Author: Harpreet Sahota (Hacker in Residence at Voxel51)
A Cool Way to Discover Topics and Trends at the Biggest CV Conference of the Year
The 2024 Conference on Computer Vision and Pattern Recognition (CVPR) received 11,532 valid paper submissions, and only 2,719 were accepted for an overall acceptance rate of about 23.6%.
But keeping up with the vast array of research being presented at this year's CVPR can be challenging. CVPR has an awesome website listing out all the paper, but the information I want is scattered across various links and platforms. Needless to say, getting a good idea of what's being presented is time-consuming (and a bit disorganized).
But what if you could access all this knowledge in one convenient location, allowing you to identify trends and gain valuable insights easily?
Well, I curated a dataset hosted on Hugging Face and built it with FiftyOne, which does just that -it helps you explore this year's conference offerings. I was able to find/scrape 2,389 of the 2,719 accepted papers, and I put them into a dataset that we will explore together!

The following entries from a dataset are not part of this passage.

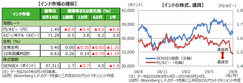 ■インドの主要株式指数のSENSEXは、8月も企業業績や米中貿易摩擦への警戒感などから軟調な動きが続いています。トランプ大統領は8月1日、ほぼすべての中国製品に制裁関税を広げる「第4弾」の発動を表明しました。米中対立の一段の激化を嫌気し、SENSEX指数は7日に約5カ月ぶりの安値水準に下落しました。その後、インド政府が外国人投資家に対する追加課税案を差し戻す意向を示したことで急反発したものの、アルゼンチン大統領選の予備選挙で左派候補が優位となったことを嫌気して同市場が急落すると、投資家のリスク回避姿勢が強まり、大幅に反落するなど振れの大きい展開となっています。
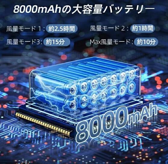 【8000mAhの大容量バッテリー&長時間使用可能】従来5000mAh容量電池と比べて、この充電式 エアダスターはバッテリー容量約1.6倍以上!フル充電しなら、最大約120分で使用できます。また、加熱保護のために、中風と強風モードで10分後に電源を自動的にきれます。ちなみに、USBケーブルを装備しているので、いつでもどこでも充電でき、使いたいときにすぐに使えます。ご注意:この製品は長距離輸送されているため、使用する前に3〜5時間充電し、インジケーターランプが緑色に点灯するのを待ってから使用を開始することをお勧めします。商品到着後、ご使用前に必ずフル充電してください。 また、使用途中に電源がない場合は、バッテリーの過剰な減少を避けるため、時間内に充電してください。
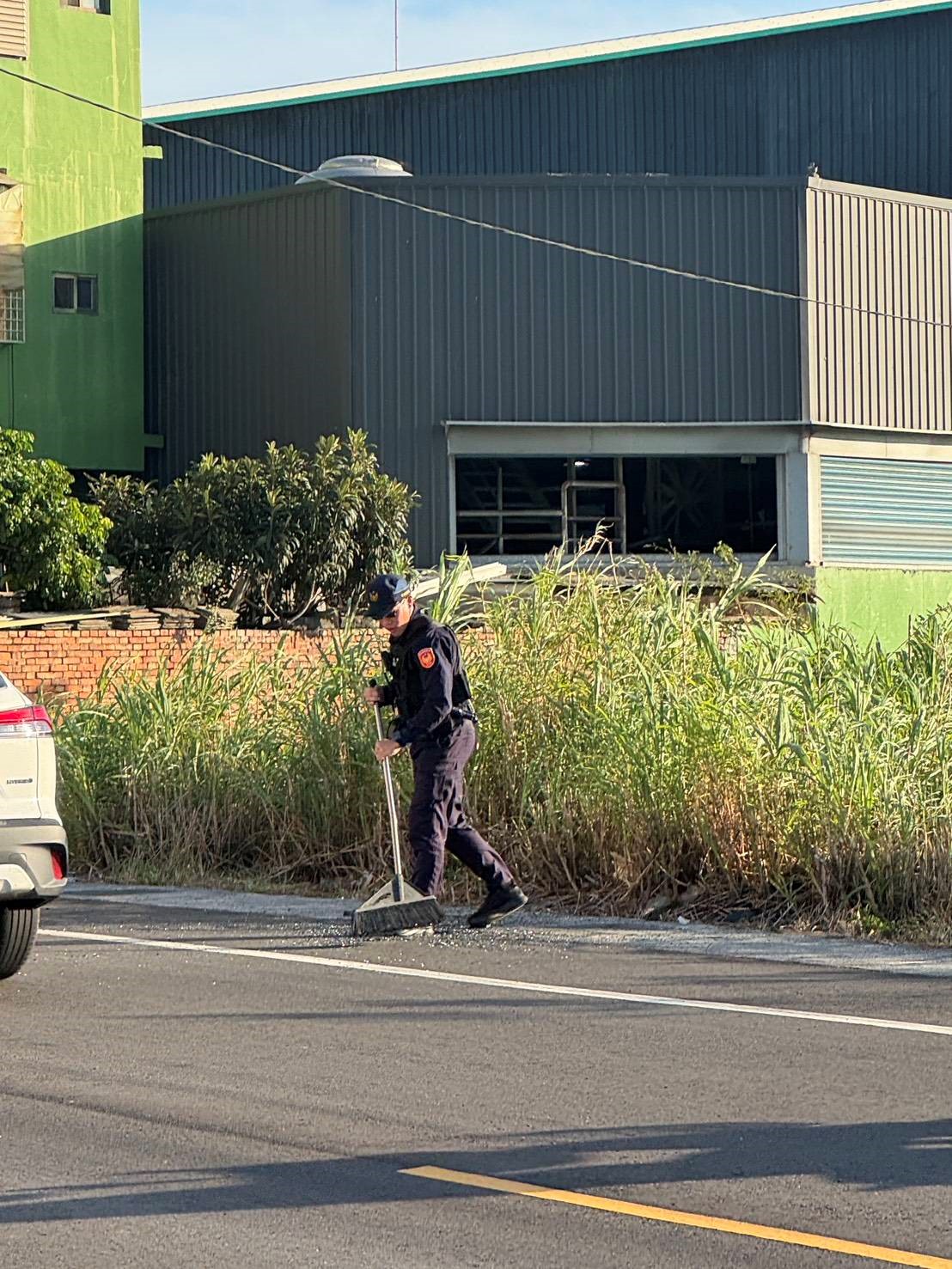 民眾因未注意車前狀況而發生交通事故導,致車窗破裂玻璃散落一地,讓路過之人車險象環生,員警獲見狀於受理結束後即主動協助清除,遏止可能發生之危害。 鹿港分局頂番派出所警員鄭任育,日前執行轄區巡邏勤務時,於15時22分許接獲通報鹿港鎮彰頂路附近,有車輛發生交通事故,地上玻璃散落一地致路過此處之人車均要閃避易發生危險,員警受理後立即趕往事故現場,除立即排除事故現場讓道路恢復通行,惟現場散落大量玻璃碎片,恐影響行車安全,鄭員立即向附近居民借掃把將玻璃碎片清理乾淨後才離開,事後附近居民及路過民眾對於警察主動協助處理及熱心感到非常窩心讚賞不已。 本案警員鄭任育處理事故態度積極、敏覺性高、能及時給予處理,發揮同理心精神,能感同身受民眾可能發生之危害,民眾對警方作為表達高度肯定與感謝,充分提升警察正面形象,足為同仁表率。
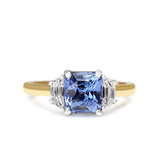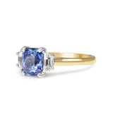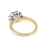 18ct Yellow and White Gold Cushion Sapphire and Half Moon Diamond 3 Stone Ring
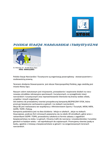 Al. Wolności 19 33-300 Nowy Sącz KRS: 0000322993 Polskie Stacje Narciarskie i Turystyczne są organizacją pozarządową - stowarzyszeniem z osobowością prawną. Terenem działania Stowarzyszenia jest obszar Rzeczpospolitej Polskiej, jego siedzibą jest miasto Nowy Sącz. Naszym celem statutowym jest inicjowanie, prowadzenie i wspieranie działań na rzecz rozwoju ośrodków rekreacyjno-sportowych i turystycznych, w szczególności stacji narciarskich i turystycznych oraz reprezentowanie interesów tej branży wobec władz, urzędów i innych organizacji. Od siedmiu lat prowadzimy rownież prospołeczną kampanię BEZPIECZNY STOK, która promuje bezpieczne zachowania w górach i na stokach narciarskich. Akcja BS jest realizowana we współpracy z Ministerstwem Sportu i Turystyki, MSW, MEN, GOPR, TOPR i Policją. Kampania podzielona jest na dwa działania : lekcje w szkołach , akcje na stokach. Zwyczajowo, podczas ferii zimowych pojawiamy się na około 20 ośrodkach, gdzie wraz z ratownikami GOPR i TOPR, prowadzimy szkolenia w formie zabawy z zagadnień bezpieczeństwa na stoku i w górach. Chcemy trafić do narciarzy i snowbordzistów i turystów górskich w każdym wieku - od najmłodszych do najstarszych. Promujemy również jazdę w kasku, zgodnie z Ustawą o bezpieczeństwie w górach i na zorganizowanych terenach narciarskich. Oto lista 82 ośrodków, z podziałem na regiony, należących do PSNiT: Tatry i Podhale: Bania-Białka Tatrzańska Grapa-Litwinka Czarna Góra Harenda - Zakopane Hawrań-Jurgów Kaniówka - Białka Tatrzańska Centrum Narciarskie Nosal Zakopane Polana Szymoszkowa Zakopane Polskie Koleje Linowe Rusiń-ski Bukowina Tatrzańska Stacja Narciarska Małe Ciche Kotelnica Białczańska Witów - Ski Kasprowy Wierch PKL Gubałówka PKL Stacja Narciarska Długa Polana Suche SKI Wyciąg Narciarski na Kalatówkach Beskid Śląski, Żywiecki, Makowski i Mały: Beskid-Spytkowice Czarny Groń Andrychów Kol. Linowa Czantoria Ustroń Nowa Osada Wisła Wyciąg Narciarski Klepki Wisła Stacja Narciarska Soszów Wisła Szczyrkowski Ośrodek Narciarski Góra Żar PKL Wyciąg Cypisek Korbielów Wyciagi Hotel & SPA Kocierz Złoty Groń Istebna Pod Starym Groniem Brenna Stacja Narciarska Cieńków Wisła Mosorny Groń Zawoja PKL Pilsko-Jontek Korbielów Stacja Narciarska Żywieckie Beskid Wyspowy, Sądecki, Gorce, Pieniny i Pogórze: Palenica Szczawnica PKL SŁOTWINY Arena Czorsztyn - Ski Kluszkowce K. G. Jaworzyna Krynicka ON Henryk Krynica Zdrój Polana Sosny w Niedzicy POLCZAKÓWKA SKI Ryterski Raj Rytro Góra Parkowa w Krynicy PKL Stacja Narciarska Koninki Stacja Narciarska Myślenice Śnieżnica Kasina Wielka Stajkowa-Krościenko Siepraw Ski Szklana Góra Ski Harbutowice Beskid Niski, Bieszczady, Pogórze Karpackie: KiczeraSki Puławy Pod Dziedzicem Gogołów Stacja Narciarska Lubinka Stacja Narciarska Chyrowa-ski Stacja Narciarska Kamianna Stok Narciarski w Przemyślu Wyciąg Narciarski OBIDOWA Sudety: Kolorowa Karpacz Czarna Góra Sienna SKI Arena Łysa Góra - Dziwiszów Mieszko Zieleniec MKL Karpacz SKI&SUN Świeradów Zdrój Stacja Narciarska Spalona Stacja Narciarska Kamienica SudetyLift Szklarska Poręba Winterpol Zieleniec Winterpol Karpacz Biały Jar Stacja Narciarska Czarnów Nartorama Zieleniec Góry Świętokrzyskie: ON Niestachów Wyżyna Lubelska i Roztocze: Nartraj Chrzanów Nartsport Rąblów ON w Batorzu Stacja Narciarska Jacnia Stacja Narciarska Kazimierz Stok Narciarski Bobliwo Stok Narciarski Parchatka Wyciągi Narciarskie Szopowe Mazury i Suwalszczyzna: Góra 4 Wiatrów Mrągowo Piękna Góra Gołdap WOSiR Szelment Stacja Narciarska Rybno Pomorze i Kaszuby: Koszałkowo - Wieżyca Góra Chrobrego Elbląg Zielona Brama w Przywidzu Nasze serwisy internetowe:
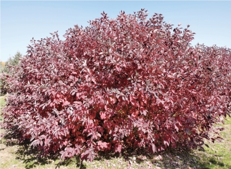 灌木,高达3米;树皮紫红色;幼枝有淡白色短柔毛,老枝红白色,散生灰白色圆形皮孔及略为突起的环形叶痕。冬芽卵状披针形,长3~6毫米,被灰白色或淡褐色短柔毛。叶对生,纸质,椭圆形,稀卵圆形,长5~8.5厘米,宽1.8~5.5厘米,先端突尖,基部楔形或阔楔形,边缘全缘或波状反卷,上面暗绿色,有极少的白色平贴短柔毛,下面粉绿色,被白色贴生短柔毛,有时脉腋有浅褐色髯毛,中脉在上面微凹陷,下面凸起,侧脉(4~)5(~6)对,弓形内弯,在上面微凹下,下面凸出,细脉在两面微显明。伞房状聚伞花序顶生,较密,宽3厘米,被白色短柔毛;总花梗圆柱形,长1.1~2.2厘米,被淡白色短柔毛;花小,白色或淡黄白色,长5~6毫米,直径6~8.2毫米,花萼裂片4,尖三角形,长约0.1~0.2毫米,短于花盘,外侧有疏生短柔毛;花瓣4,卵状椭圆形,长3~3.8毫米,宽1.1~1.8毫米,先端急尖或短渐尖,上面无毛,下面疏生贴生短柔毛;雄蕊4,长5~5.5毫米,着生于花盘外侧。核果长圆形,微扁,长约8毫米,直径5.5~6毫米,成熟时乳白色或蓝白色,花柱宿存;核棱形,侧扁,两端稍尖呈喙状,长5毫米,宽3毫米,每侧有脉纹3条花期6~7月;果期8~10月。
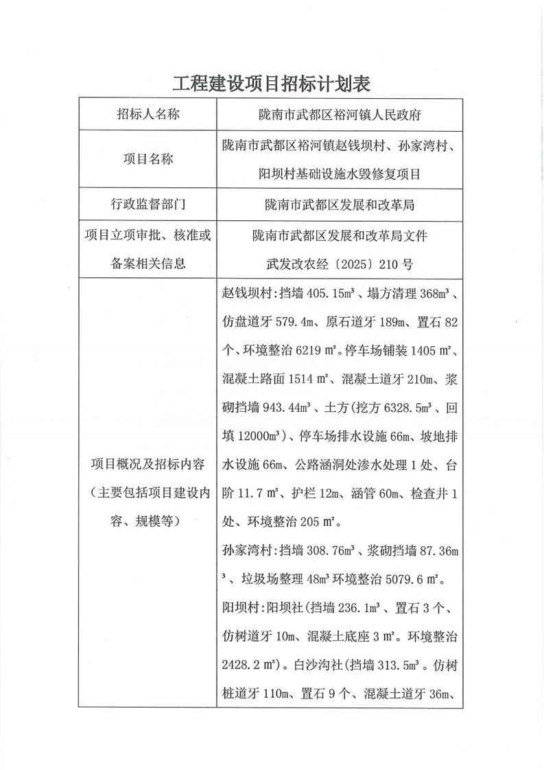 隴南市武都區(qū)裕河鎮(zhèn)趙錢(qián)壩村、孫家灣村、陽(yáng)壩村基礎(chǔ)設(shè)施水毀修復(fù)項(xiàng)目
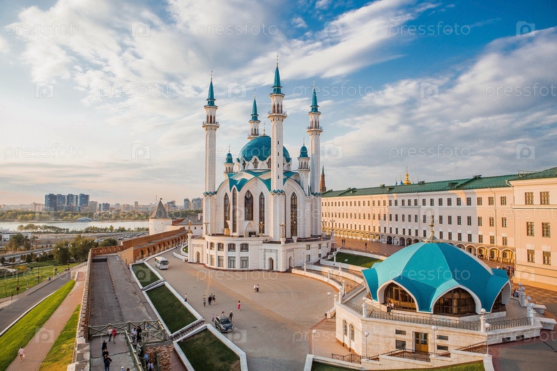 Главная достопримечательность города Казани. Мечеть Кул Шариф на фоне прекрасного неба. Кремль. Город Казань, Республика Татарстан, Россия, сентябрь 2023 г
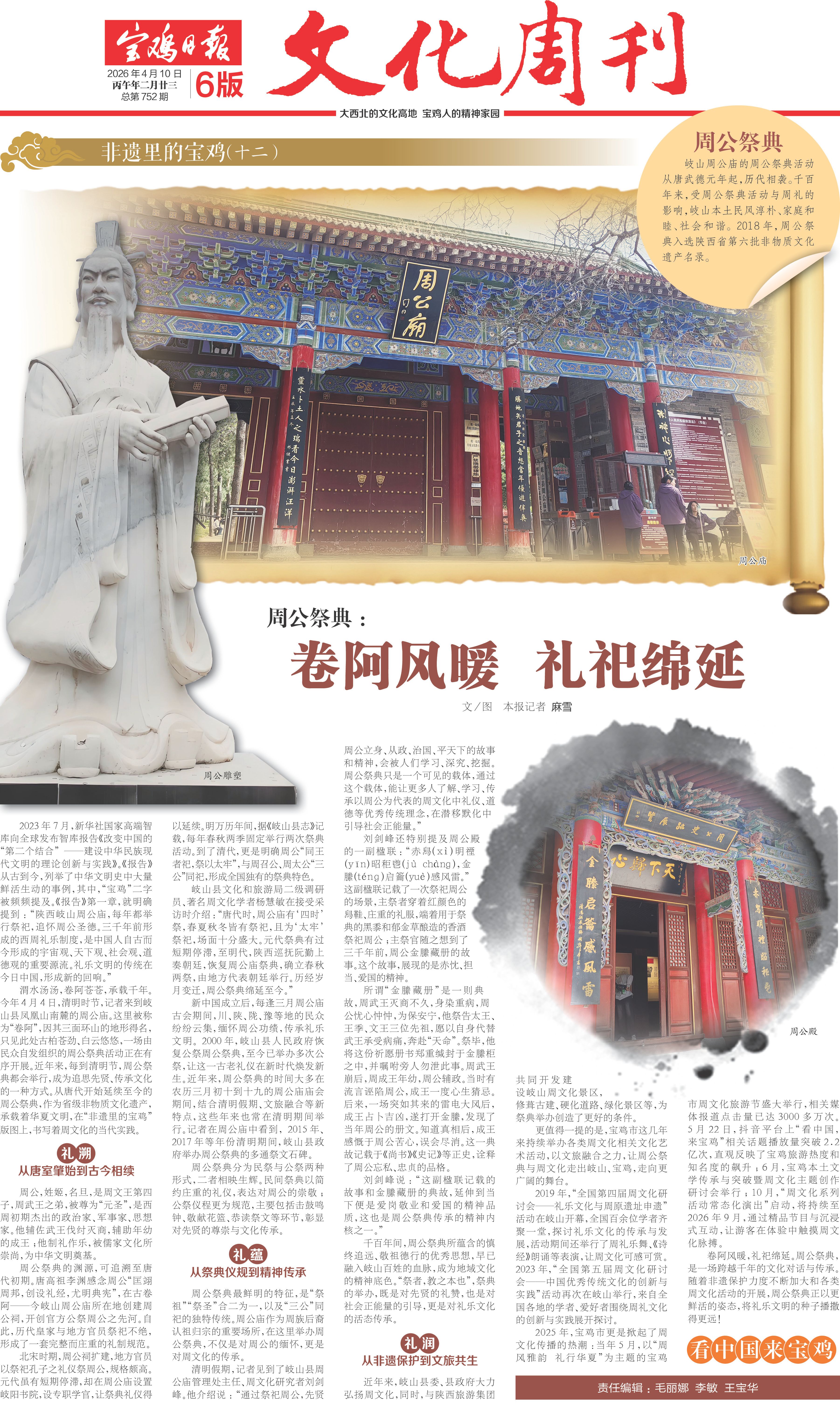 渭水汤汤,卷阿苍苍,承载千年。今年4月4日,清明时节,记者来到岐山县凤凰山南麓的周公庙。这里被称为“卷阿”,因其三面环山的地形得名,只见此处古柏苍劲、白云悠悠,一场由民众自发组织的周公祭典活动正在有序开展。近年来,每到清明节,周公祭典都会举行,成为追思先贤、传承文化的一种方式。从唐代开始延续至今的周公祭典,作为省级非物质文化遗产,承载着华夏文明,在“非遗里的宝鸡”版图上,书写着周文化的当代实践。

Btw this post is available as a Google Colab notebook here, though I recommend running it locally if you can.
tl;dr
• CVPR 2024 received 11,532 paper submissions, with 2,719 accepted for a 23.6% acceptance rate.
• I curated a dataset of 2,389 accepted papers, hosted on Hugging Face and built with FiftyOne. It includes paper images, titles, authors, abstracts, links, categories, and keywords.
• The dataset is hosted on Hugging Face and can be loaded into FiftyOne, which you can use for managing, querying, visualizing and analyzing the papers.
• Text embeddings were generated for the titles and abstracts using the gte-large-en-v1.5 model from Sentence Transformers.
• FiftyOne Brain was used to visualize the embeddings with UMAP, compute uniqueness scores to find the most unique papers, and index the embeddings by similarity to easily find similar papers.
🧐 What's in this dataset?
The dataset consists of images of the first pages of papers, their titles, a list of authors, their abstracts, direct links to papers on arXiv, project pages, a category breakdown according to the arXiv taxonomy, and keywords that I bucketed from the 2024 CVPR call for papers.
Here are the fields:
An image of the first page of the paper
-
title
: The title of the paper -
authors_list
: The list of authors -
abstract
: The abstract of the paper -
arxiv_link
: Link to the paper on arXiv -
other_link
: Link to the project page, if found -
category_name
: The primary category of this paper, according to arXiv taxonomy -
all_categories
: All categories this paper falls into, according to arXiv taxonomy -
keywords
: Extracted using GPT-4o
This should give us enough information to pick up some interesting trends for this year's CVPR!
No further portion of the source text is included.